O pensamento utópico. O pensamento utópico — já o vimos — fornece o combustível mental de que se alimenta a paixão igualitária. O horror de todas as desigualdades reclama uma concepção abstrata do indivíduo reduzido aos traços estereotipados do “homem em geral” e perfeito no seu estado de natureza, antes que a civilização o perverta. O homem nasce bom, a sociedade o corrompe. Para os utopistas, naturalmente, essa sociedade são as instituições herdadas do passado cristão. Por isto, removidos os “preconceitos” recebidos por via de tradição, nada se opões à realização do paraíso na terra.

O pensamento realista (foi um ponto em que já nos demoramos) parte do homem concreto, com sua natureza dividida, sua herança de erros, sua ânsia de pureza, sua “nostalgia da lama”. É a ele que se dirige a mensagem cristã. Os homens são salvos um por um. É na alma de cada homem que se realizam a graça e as outras formalidades sobrenaturais. Ao contrário, o pensamento utópico põe as suas esperanças no “homem universal”, que é uma entidade coletiva, e prega uma salvação social. Pela mudança das estruturas, o homem será divinizado.

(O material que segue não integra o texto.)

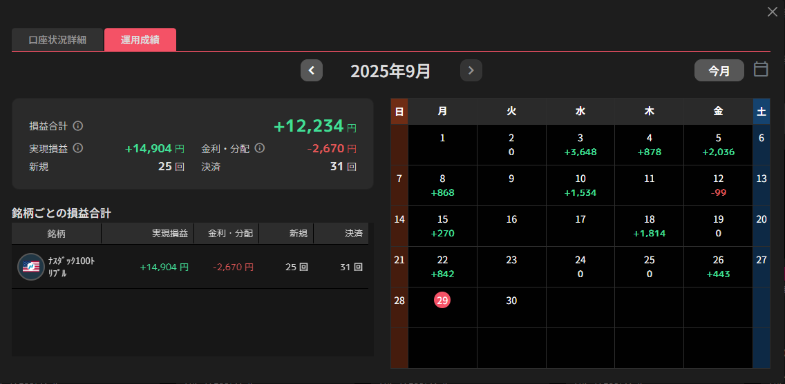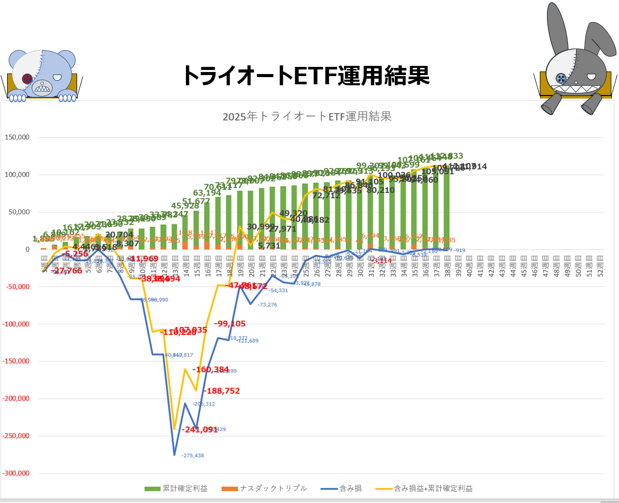 トライオートETFで自動売買25年9月21日週の不労所得+1,285円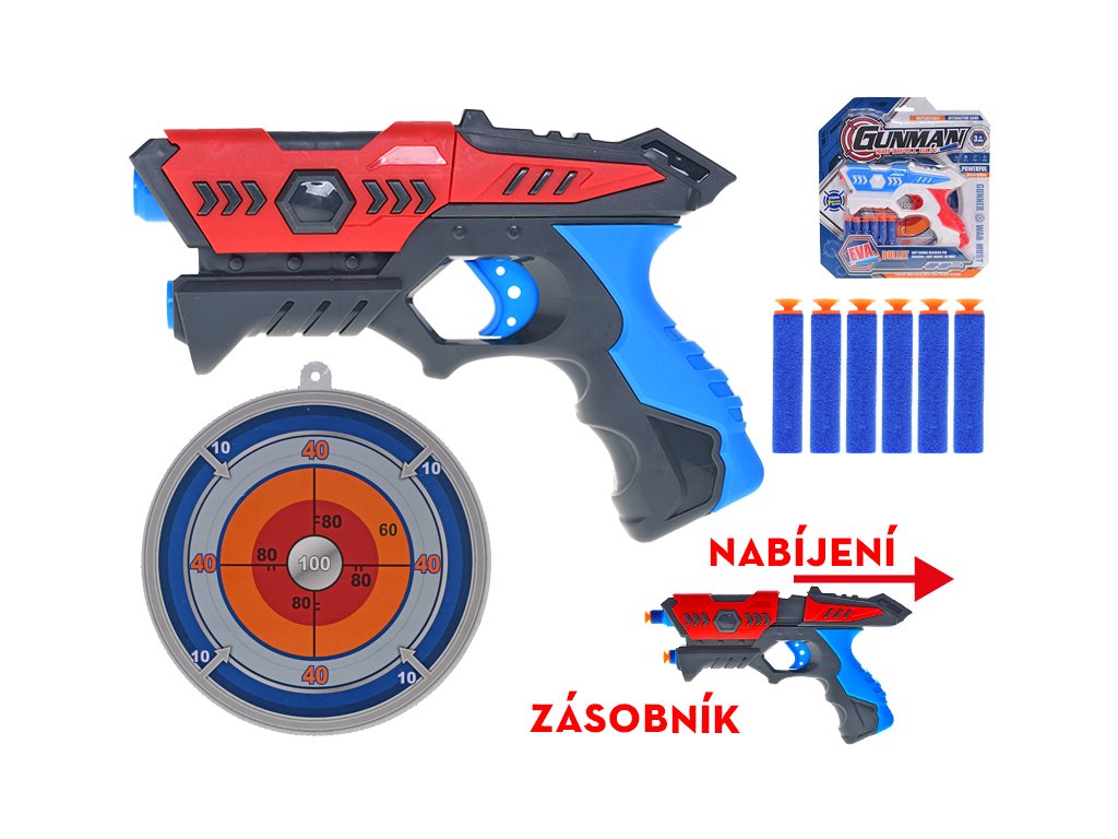 Pistole 21cm s pěnovými náboji 6ks a terčem 2barvy na kartě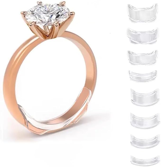 このリングアジャスターは、指輪のサイズ調整に最適なアイテムです。8サイズ(幅1mm~10mm)に対応しており、ピンキーリングから通常の指輪まで幅広く使用できます。柔らかいシリコン素材で作られているため、指に優しくフィットし、長時間の着用でもストレスを感じません。滑り止めデザインでズレ防止効果があり、リングが緩む心配もありません。透明な素材なので、リングの美しさを損なわず、自然な着け心地を実現します。男女兼用で、問題指やサイズ調整が必要なリングにぴったりです。リングストッパーとしても機能し、宝石の損失を防ぎます。リングサイズの計測や調整が簡単にできるため、ストレス解消にもつながります。リングテープやリングストラップとしても活用可能で、リングの台座としても便利です。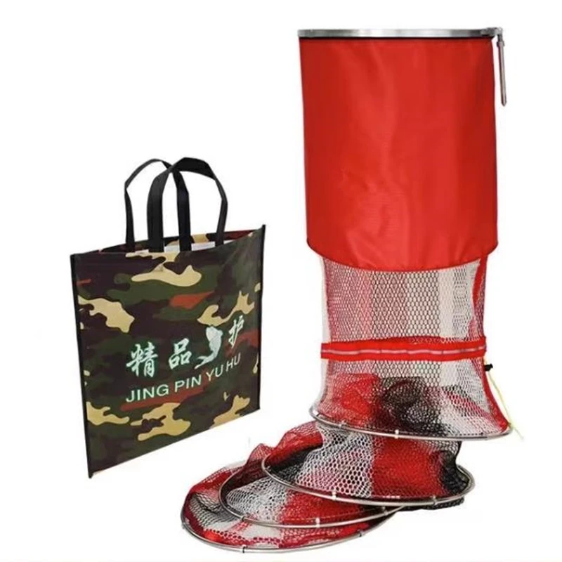 Red de pesca portátil Almacenamiento de peces Accesorios de pesca Anillo de acero Jaula de peces plegable Trampa de pesca Red Cesta de peces Aparejos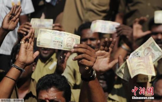 當(dāng)?shù)貢r(shí)間2016年11月23日,印度金奈,民眾抗議廢除大面額紙幣。8日晚,印度總理莫迪突然宣布,從9日起廢止面值500盧比和1000盧比的兩種大鈔,以打擊腐敗和黑錢交易。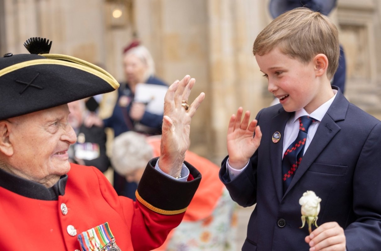 În Marea Britanie, sărbătorirea a 80 de ani de la victoria aliaţilor în cel de-al Doilea Război Mondial a cuprins o paradă militară, luni, la care a asistat şi familia regală, un ceai la care Regele Charles a invitat mai mulți veterani și o slujbă, joi, la Westminster Abbey în cadrul căreia suveranul britanic a adus un omagiu soldaţilor care au căzut în război, iar premierul Keir Starmer a subliniat că sacrificiile de atunci „nu trebuie uitate niciodată”. Ceremoniile din acest an au fost deosebit de emoţionante, deoarece numărul veteranilor este tot mai mic. La slujbă a participat şi stră-strănepotul lui Winston Churchill, în vârstă de 10 ani, care a aprins o lumânare a păcii.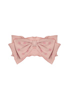 This adorable hair accessory features a soft, blush pink fabric with delicate embroidered floral details in a deeper pink hue. The large, beautifully crafted bow adds a sweet and elegant touch to any outfit. The elastic band ensures a secure and comfortable fit, making it perfect for both everyday wear and special occasions.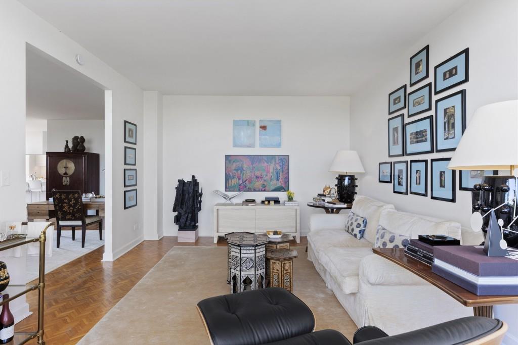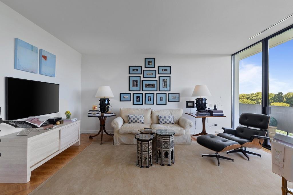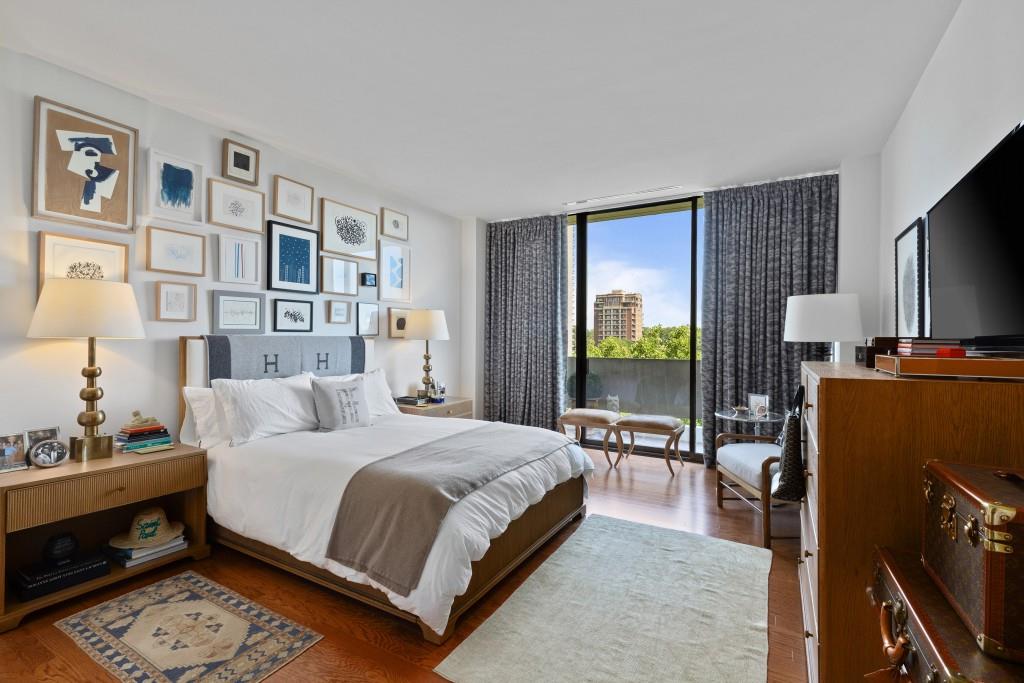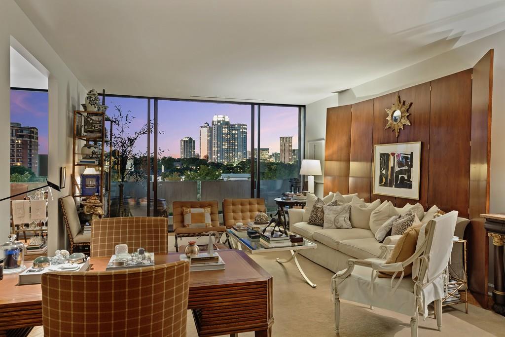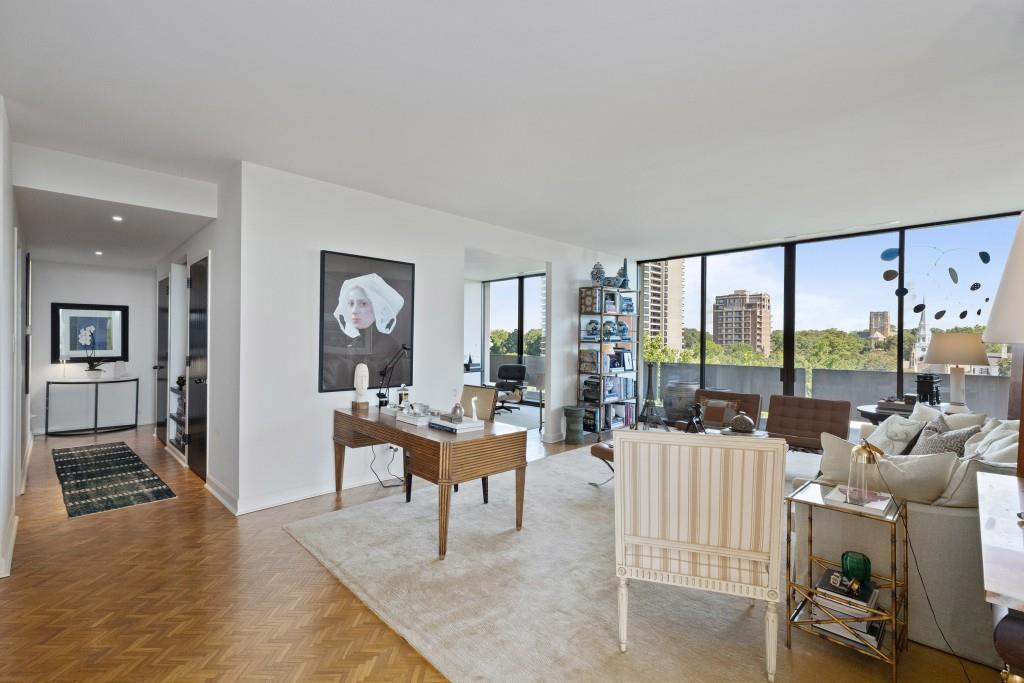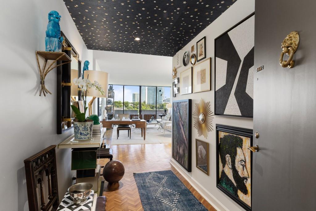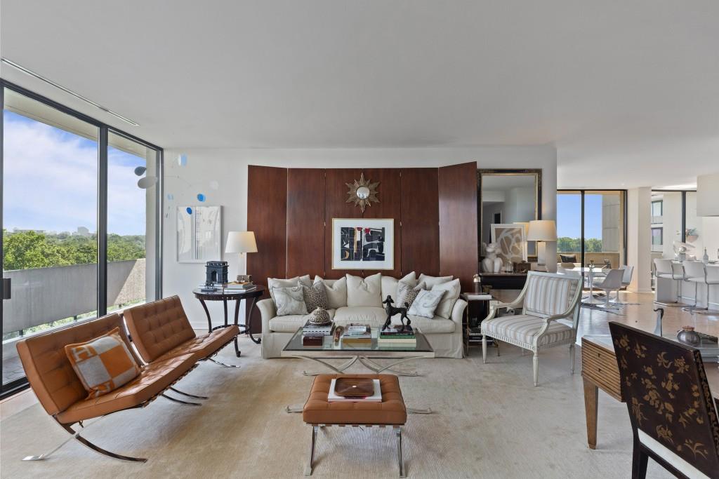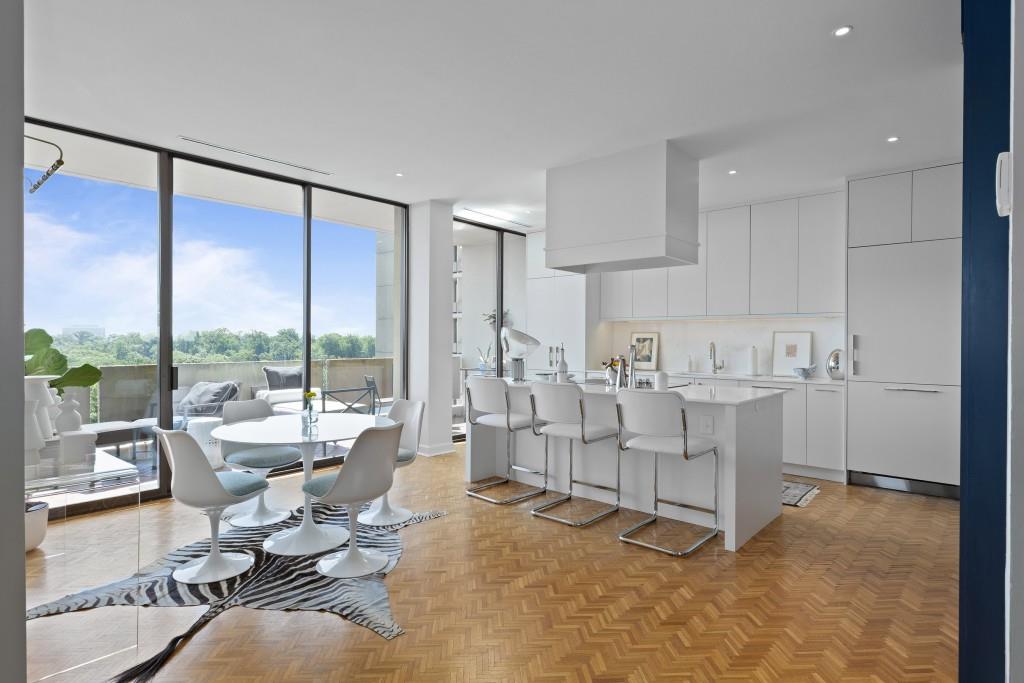 Welcome to Residence 14A at Plaza Towers, one of Atlanta's most iconic mid-century buildings designed by noted architect Ted Levy. This immaculate home has been fully renovated top to bottom, transforming a rare and expansive three-bedroom floor plan into a luxurious two-bedroom, two-and-a-half-bath residence with grand proportions, two distinct living areas, and a seamless open-concept kitchen and dining space that works beautifully for both entertaining and everyday living. Light pours in through floor-to-ceiling windows and brand-new glass doors that open onto two private balconies running the full length of each side of the home. Every inch of the residence reflects refined sophistication, from the refurbished original Hungarian point hardwood floors to the carefully curated designer lighting. The clean architectural lines and thoughtful layout offer gallery-style moments for art, books, and collections while maintaining an inviting sense of comfort. The crisp white kitchen is sleek and functional with integrated appliances, custom cabinetry, and a large island with bar seating. Both bedrooms are generously sized and well positioned for privacy, including a serene primary suite with sweeping skyline views, a walk-in closet, and a bold, impeccably designed en suite bath. Plaza Towers is a boutique community known for its timeless architecture, discretion, and exceptional service. Amenities include 24-hour concierge, a private gym, dog park, the Plaza Room for entertaining, a conference room, and gated garage parking. Located in the heart of Buckhead, this is sophisticated city living at its finest.

Esse “homem em geral” resulta da concepção idealista de um “eu absoluto” (ou eu ideal) separado do eu empírico (isto é, real). Do homem real, nós já o vimos, o “homem universal”, como é o “ser genérico” de Feuerbach, a Razão em geral dos Aufklärers ou o Eu absoluto dos idealistas, apresenta só os traços sumários mas imprescindíveis de que revestimos na imaginação a natureza abstrata ou comum (traços como subsistir por si mesmo e ser distinto dos demais) para formar a noção de “um homem qualquer” (aliquis homo). É com esse elemento de base, a mais apagada e dócil das criaturas, uma abstração personificada, um ser de razão, que os Iluministas e revolucionários de 1789 construíram o moderno liberalismo.

Imensa é a utilidade desse ser de razão, observou D. H. Lawrence, num ensaio famoso. Como estalão numérico “ele serve para comparar entre si homens viventes e reduzir a uma comum medida as suas necessidades materiais. Assim, o dinheiro, que em si mesmo não é nada, permite, por redução a uma comum medida, comparar um pernil de carneiro com um volume de poemas de Keats”. Mas tomado como homem universal ou ideal, como elemento básico de uma ordem, como razão de igualdade e móbil da fraternidade, não passa de um monstrengo: um manequim de alfaiate alçado num pedestal. Começa por despojar o homem do que lhe é essencial. Pois o Homem Médio é ainda Lawrence quem fala — representa o que todos os homens necessitam e desejam fisicamente, funcionalmente, materialmente. O homem médio é o estalão das necessidades materiais. As coisas do espírito, essas, não se podem reduzir a médias.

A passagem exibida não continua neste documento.